Fund review Invesco Perpetual Tactical Bond
Post on: 16 Июль, 2015 No Comment
Invesco Perpetual, the UK’s largest fund management group, and home to the UK’s most popular fund manager, Neil Woodford. is set to launch a new bond fund aimed at intrepid investors.
Strong track record: Invesco Perpetual’s Paul Read
The Invesco Perpetual Tactical Bond fund will be managed by the award-winning team of Paul Causer and Paul Read, who have more than 50 years combined investment experience and a strong track record of delivering returns to their investors.
Together they have co-managed the £5.5bn Invesco Perpetual Corporate Bond fund since 1995 — over the past five years alone the portfolio has achieved a 27% return for its investors.
Over the same period, the average corporate bond fund has delivered just 12%.
With the Tactical Bond fund, the managers will seek to achieve an attractive return over the long term for their investors by exploiting opportunities wherever they can find them, across the full range of bonds available to them — from government bonds to credit markets and cash.
But the highly unconstrained nature of the fund means it will not be managed to an income target and is not suitable for investors seeking a consistent level of yield.
Read said: ‘This fund will attempt to capture the best ideas that we have across our range and to apply them in a concentrated way. Over the long term, because we have the flexibility to move portfolios across the risk spectrum, we would hope that we can outperform cash and indeed the major government and credit markets.’

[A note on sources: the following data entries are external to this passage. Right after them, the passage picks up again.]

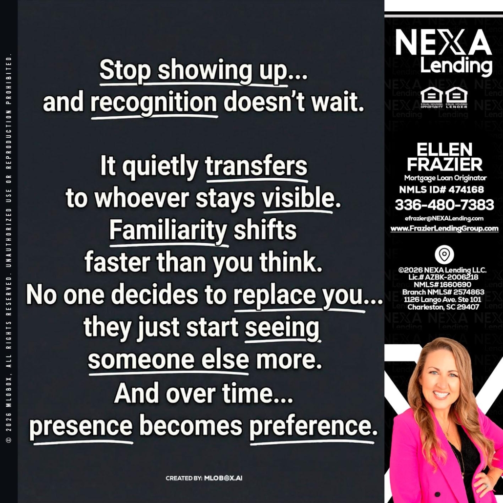 Hi, my name is Ellen Frazier. I’m a Loan Officer with Frazier Lending Group empowered by Nexa Lending, offering personalized mortgage solutions, fast customized quotes, great rates and service with integrity.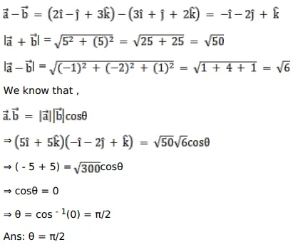 Find the angle between $(\overrightarrow{\mathrm{a}}+\overrightarrow{\mathrm{b}})$ and $(\overrightarrow{\mathrm{a}}-\overrightarrow{\mathrm{b}})$, if $\overrightarrow{\mathrm{a}}=(2 \hat{\mathrm{i}}-\hat{\mathrm{j}}+3 \hat{\mathrm{k}})$ and $\overrightarrow{\mathrm{b}}=(3 \hat{\mathrm{i}}+\hat{\mathrm{j}}+2 \hat{\mathrm{k}})$.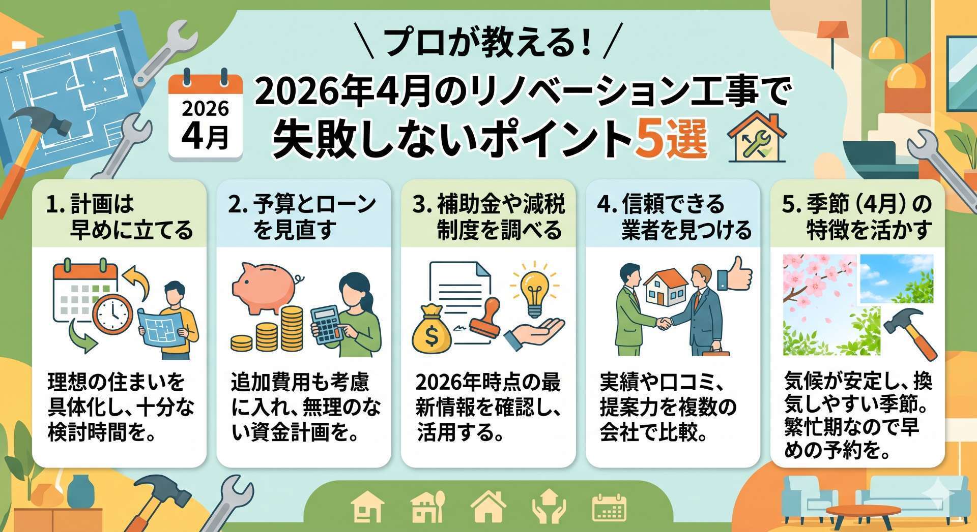 リノベーションは大きな投資であり、住まいに対する愛着を深める絶好の機会でもあります。失敗しないためには、情報収集と準備を怠らず、積極的に専門家の力を借りることが賢明です。この記事を参考に、2026年4月からの新しい時代のリノベーションを、安全で快適、そして経済的にも満足のいくものにしてください。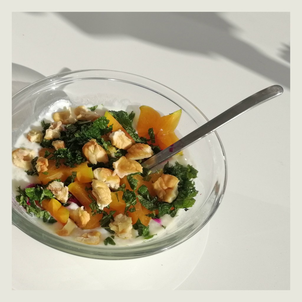 150 g Ziegenjoghurt mit dem Saft und der abgeriebenen Schale von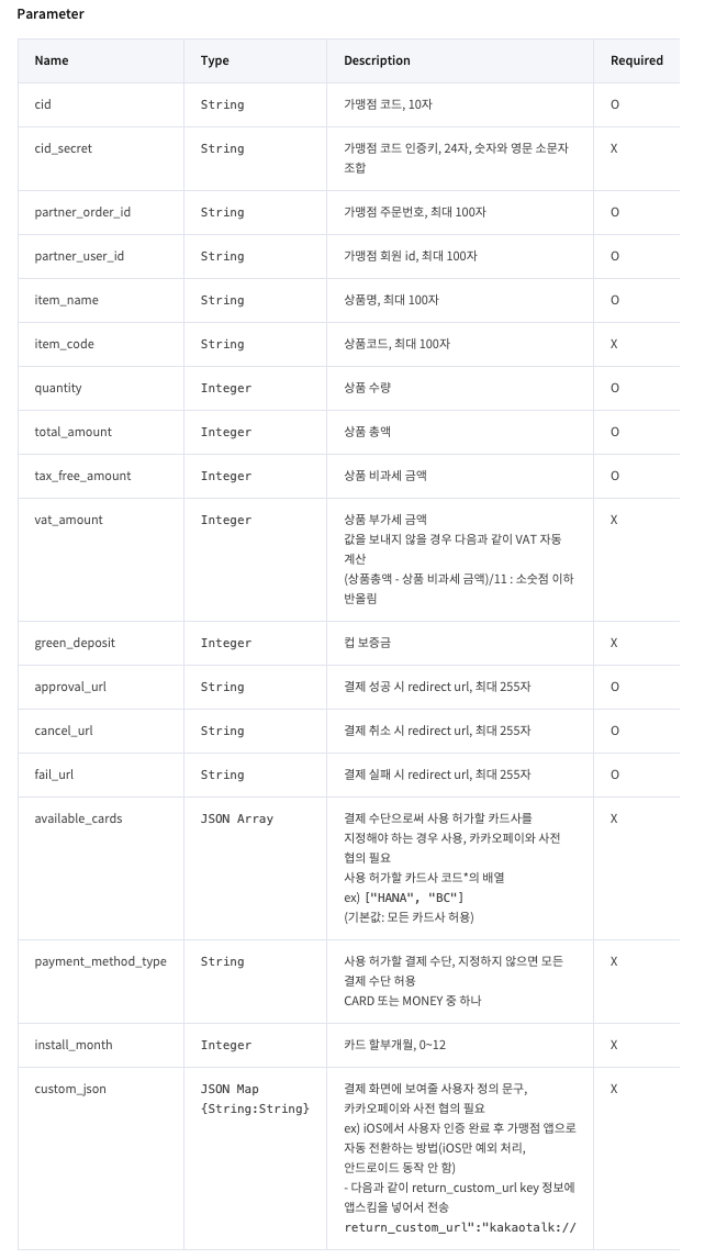- 결제 준비 Request 파라미터에 담을 값들(Required에 O 표시는 필수로 들어가야 한다.)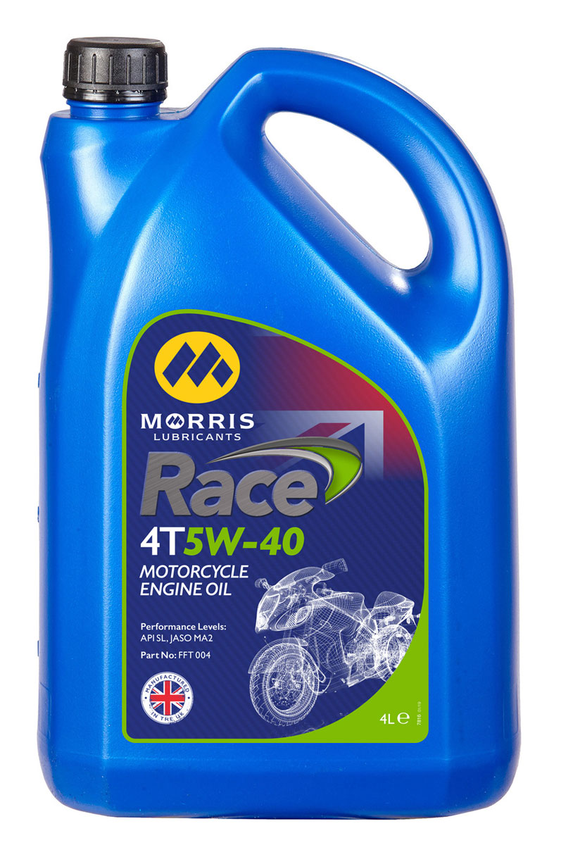 Morris Race 4T 5W-40 je pokročilý plně syntetický 4-taktní motorový olej pro všechny výkonné sportovní motocykly, superbiky a tovární závodní týmy.Mazivo bylo vyvinuto přímo z technologie motocyklových závodů, kde se prokázalo, že vysoce převyšuje běžné oleje. Tento lubrikant má extrémně vysoký viskózní index a poskytuje výjimečný výkon ve čtyřtaktních motocyklových motorech.

The fund will be able to alter where it invests very quickly, which means the risk level has the potential to fluctuate greatly. The fund may even go through periods of being fully invested in cash if the managers believe there are no attractive opportunities.
Looking ahead, Read said: ‘Although it is important to stress that the exceptional returns from corporate bond markets in 2009 cannot realistically be repeated, opportunities remain and underlying conditions are still supportive. However, the days of equity-like returns from credit markets have passed and we expect more modest returns from corporate bonds in 2010.’
What the experts think
Martin Bamford of Informed Choice, an independent financial adviser, reckons there are both positives and negatives that come with this launch. He said: ‘On the plus side, Read and Causer are undoubtedly two experienced and competent managers with a track record to back them up. I like the fact that the fund is unconstrained, allowing them to adapt and invest where they feel appropriate.
‘But the only downside to this is, depending on where, and in what they invest, the risk profile of the fund could change substantially. We will be watching this closely but we would not recommend it until it has at least a 12-month or possibly even two-year track record first.’
For his part, Alan Parsons, of brokers The Share Centre, is very upbeat about the new offering: He said: ‘This is the addition we have been waiting and hoping for from Invesco Perpetual. Both Read and Causer have a great reputation and are two of the most experienced corporate bond managers around. The great appeal of this fund is the flexibility it has, as bond funds are typically quite rigid in what they can and cannot do. But it will not be suitable for investors looking for a steady, regular income.’
Adrian Lowcock, of Bestinvest, another adviser said; ‘Read and Causer have an excellent long-term track record and we like their corporate bond fund. But we do not think there is any need for investors to rush into buying this fund. The key point is that the fund is not targeting a specific yield and it could take a while for the income to feed through. I imagine the returns made will be through a combination of capital growth combined with income. This is a fund to compliment a diversified investment portfolio but should not be bought as a core holding.’